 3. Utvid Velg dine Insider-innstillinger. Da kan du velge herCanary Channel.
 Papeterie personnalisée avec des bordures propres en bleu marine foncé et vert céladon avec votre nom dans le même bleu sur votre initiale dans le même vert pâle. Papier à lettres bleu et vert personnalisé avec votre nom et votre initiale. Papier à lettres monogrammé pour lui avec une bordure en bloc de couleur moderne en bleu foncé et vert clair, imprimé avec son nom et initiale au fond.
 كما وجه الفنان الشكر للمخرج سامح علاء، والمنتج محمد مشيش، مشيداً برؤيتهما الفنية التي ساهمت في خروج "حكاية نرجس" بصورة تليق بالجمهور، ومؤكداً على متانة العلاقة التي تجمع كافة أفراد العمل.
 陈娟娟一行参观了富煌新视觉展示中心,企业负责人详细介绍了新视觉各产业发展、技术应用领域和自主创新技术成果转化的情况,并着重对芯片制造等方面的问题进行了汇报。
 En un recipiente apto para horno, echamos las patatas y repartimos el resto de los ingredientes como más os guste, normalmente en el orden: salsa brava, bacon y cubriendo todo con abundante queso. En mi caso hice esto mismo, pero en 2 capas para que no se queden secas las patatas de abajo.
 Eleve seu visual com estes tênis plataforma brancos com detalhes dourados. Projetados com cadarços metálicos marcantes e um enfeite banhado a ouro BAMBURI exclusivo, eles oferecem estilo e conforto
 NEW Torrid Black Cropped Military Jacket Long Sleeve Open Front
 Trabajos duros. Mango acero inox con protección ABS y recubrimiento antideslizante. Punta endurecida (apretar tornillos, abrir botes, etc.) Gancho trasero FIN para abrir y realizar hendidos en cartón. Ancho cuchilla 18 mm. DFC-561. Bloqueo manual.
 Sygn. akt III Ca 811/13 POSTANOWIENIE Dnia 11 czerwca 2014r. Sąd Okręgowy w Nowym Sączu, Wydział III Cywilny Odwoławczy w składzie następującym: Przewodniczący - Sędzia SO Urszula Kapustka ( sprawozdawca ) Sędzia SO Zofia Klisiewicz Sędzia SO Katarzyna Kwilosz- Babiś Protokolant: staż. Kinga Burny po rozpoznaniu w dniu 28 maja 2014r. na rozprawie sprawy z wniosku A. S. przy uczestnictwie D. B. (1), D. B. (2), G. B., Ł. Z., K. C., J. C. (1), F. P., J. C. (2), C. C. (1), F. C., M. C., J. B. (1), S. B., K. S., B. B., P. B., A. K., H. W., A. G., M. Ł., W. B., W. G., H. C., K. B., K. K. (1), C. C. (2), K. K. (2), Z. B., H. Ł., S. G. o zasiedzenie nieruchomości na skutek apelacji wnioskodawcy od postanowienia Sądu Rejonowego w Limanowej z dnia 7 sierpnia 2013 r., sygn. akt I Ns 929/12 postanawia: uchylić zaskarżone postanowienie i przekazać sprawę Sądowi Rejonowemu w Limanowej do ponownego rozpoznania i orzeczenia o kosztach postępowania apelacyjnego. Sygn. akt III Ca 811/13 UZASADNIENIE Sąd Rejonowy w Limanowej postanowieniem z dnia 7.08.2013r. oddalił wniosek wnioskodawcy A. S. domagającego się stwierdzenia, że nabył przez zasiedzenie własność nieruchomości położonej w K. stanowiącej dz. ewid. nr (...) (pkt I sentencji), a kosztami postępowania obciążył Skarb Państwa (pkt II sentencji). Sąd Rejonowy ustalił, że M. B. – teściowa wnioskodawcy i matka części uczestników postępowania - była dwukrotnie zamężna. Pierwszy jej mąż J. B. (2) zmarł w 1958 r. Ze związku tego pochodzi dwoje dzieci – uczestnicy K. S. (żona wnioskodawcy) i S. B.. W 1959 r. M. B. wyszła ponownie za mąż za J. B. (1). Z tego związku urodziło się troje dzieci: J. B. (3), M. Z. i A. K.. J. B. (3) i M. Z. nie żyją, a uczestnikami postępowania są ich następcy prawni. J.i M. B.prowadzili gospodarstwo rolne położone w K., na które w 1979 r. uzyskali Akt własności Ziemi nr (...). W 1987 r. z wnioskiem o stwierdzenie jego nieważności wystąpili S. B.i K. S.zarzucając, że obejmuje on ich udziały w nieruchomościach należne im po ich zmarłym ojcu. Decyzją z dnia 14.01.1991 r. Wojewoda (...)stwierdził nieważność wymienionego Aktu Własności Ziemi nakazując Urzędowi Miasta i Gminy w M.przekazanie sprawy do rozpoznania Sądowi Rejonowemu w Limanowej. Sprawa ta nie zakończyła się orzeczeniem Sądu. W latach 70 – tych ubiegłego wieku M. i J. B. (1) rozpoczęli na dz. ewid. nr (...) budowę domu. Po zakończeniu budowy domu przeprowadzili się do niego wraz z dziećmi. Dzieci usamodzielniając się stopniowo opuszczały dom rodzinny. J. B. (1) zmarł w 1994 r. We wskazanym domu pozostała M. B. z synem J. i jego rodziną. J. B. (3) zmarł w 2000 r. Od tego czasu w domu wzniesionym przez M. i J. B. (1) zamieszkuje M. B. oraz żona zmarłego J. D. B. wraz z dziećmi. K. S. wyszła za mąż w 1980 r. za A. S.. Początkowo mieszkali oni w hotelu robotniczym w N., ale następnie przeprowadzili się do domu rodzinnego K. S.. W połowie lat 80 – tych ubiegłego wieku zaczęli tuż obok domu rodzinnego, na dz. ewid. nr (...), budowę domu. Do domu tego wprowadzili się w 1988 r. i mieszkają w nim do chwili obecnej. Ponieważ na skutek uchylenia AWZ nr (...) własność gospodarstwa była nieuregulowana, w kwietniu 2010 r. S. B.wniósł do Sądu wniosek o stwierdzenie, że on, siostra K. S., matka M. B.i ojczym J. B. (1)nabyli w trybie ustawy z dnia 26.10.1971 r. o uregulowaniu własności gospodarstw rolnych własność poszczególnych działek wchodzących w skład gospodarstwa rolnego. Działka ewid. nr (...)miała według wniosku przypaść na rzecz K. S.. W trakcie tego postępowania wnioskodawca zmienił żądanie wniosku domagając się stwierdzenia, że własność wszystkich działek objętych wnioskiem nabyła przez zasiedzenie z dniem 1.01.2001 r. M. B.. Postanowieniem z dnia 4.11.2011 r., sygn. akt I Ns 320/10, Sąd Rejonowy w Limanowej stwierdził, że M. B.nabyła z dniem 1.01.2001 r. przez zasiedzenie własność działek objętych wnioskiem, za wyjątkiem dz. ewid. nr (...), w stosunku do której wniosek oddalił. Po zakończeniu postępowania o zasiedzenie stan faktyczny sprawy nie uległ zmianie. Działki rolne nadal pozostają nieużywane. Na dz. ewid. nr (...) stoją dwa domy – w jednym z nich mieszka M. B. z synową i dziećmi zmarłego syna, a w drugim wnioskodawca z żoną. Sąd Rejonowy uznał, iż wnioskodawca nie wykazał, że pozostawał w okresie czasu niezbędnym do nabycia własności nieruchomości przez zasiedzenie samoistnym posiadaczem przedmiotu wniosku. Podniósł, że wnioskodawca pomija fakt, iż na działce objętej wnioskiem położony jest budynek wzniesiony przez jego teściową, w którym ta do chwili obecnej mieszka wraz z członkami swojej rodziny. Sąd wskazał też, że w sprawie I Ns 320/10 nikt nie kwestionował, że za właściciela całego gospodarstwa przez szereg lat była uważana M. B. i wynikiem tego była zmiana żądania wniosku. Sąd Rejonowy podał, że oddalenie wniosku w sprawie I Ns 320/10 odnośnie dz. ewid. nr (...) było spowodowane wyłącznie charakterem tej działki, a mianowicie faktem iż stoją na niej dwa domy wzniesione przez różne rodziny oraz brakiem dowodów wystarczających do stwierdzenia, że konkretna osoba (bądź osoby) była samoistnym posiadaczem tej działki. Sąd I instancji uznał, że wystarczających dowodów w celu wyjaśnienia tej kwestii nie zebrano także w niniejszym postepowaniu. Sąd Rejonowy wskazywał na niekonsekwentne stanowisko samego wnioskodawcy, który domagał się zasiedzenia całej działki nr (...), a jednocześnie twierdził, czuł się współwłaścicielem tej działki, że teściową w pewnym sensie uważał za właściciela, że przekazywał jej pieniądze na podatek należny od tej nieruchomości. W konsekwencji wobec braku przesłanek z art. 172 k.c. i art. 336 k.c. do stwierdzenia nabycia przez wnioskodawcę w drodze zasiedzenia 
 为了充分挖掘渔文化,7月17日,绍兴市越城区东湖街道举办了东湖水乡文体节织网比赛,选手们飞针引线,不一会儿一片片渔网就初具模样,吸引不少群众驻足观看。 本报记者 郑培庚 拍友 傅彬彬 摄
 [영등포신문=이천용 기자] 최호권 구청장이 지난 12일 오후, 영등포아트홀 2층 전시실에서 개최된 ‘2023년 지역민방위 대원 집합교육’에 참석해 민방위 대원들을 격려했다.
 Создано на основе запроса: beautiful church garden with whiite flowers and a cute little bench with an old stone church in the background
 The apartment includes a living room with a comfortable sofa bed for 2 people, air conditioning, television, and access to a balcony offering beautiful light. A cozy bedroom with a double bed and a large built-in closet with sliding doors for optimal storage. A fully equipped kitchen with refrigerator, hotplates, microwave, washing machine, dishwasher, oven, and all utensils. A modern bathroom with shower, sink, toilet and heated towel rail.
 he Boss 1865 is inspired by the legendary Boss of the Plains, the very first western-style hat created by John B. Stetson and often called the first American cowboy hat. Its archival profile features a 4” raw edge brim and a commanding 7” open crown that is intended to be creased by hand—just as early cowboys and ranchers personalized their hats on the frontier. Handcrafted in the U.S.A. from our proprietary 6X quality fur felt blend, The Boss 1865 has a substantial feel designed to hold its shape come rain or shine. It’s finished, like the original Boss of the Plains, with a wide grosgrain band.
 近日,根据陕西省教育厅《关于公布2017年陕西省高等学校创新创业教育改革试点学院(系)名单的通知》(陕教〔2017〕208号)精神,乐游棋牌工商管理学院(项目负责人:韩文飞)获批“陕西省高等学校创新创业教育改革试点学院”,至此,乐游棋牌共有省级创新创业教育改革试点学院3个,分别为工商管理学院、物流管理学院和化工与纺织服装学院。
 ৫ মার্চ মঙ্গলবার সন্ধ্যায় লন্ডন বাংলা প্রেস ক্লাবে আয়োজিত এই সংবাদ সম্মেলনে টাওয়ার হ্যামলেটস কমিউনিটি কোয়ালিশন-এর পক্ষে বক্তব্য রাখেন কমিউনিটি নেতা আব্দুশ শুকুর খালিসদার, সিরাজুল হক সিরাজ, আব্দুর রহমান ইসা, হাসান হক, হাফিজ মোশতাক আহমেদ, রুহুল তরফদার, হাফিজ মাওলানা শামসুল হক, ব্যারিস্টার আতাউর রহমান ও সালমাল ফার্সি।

→ BRIEF: Which lines in the data above hold the string "para"? Show each one.

→ THE COMPLETED TASK:
 En un recipiente apto para horno, echamos las patatas y repartimos el resto de los ingredientes como más os guste, normalmente en el orden: salsa brava, bacon y cubriendo todo con abundante queso. En mi caso hice esto mismo, pero en 2 capas para que no se queden secas las patatas de abajo.
 Trabajos duros. Mango acero inox con protección ABS y recubrimiento antideslizante. Punta endurecida (apretar tornillos, abrir botes, etc.) Gancho trasero FIN para abrir y realizar hendidos en cartón. Ancho cuchilla 18 mm. DFC-561. Bloqueo manual.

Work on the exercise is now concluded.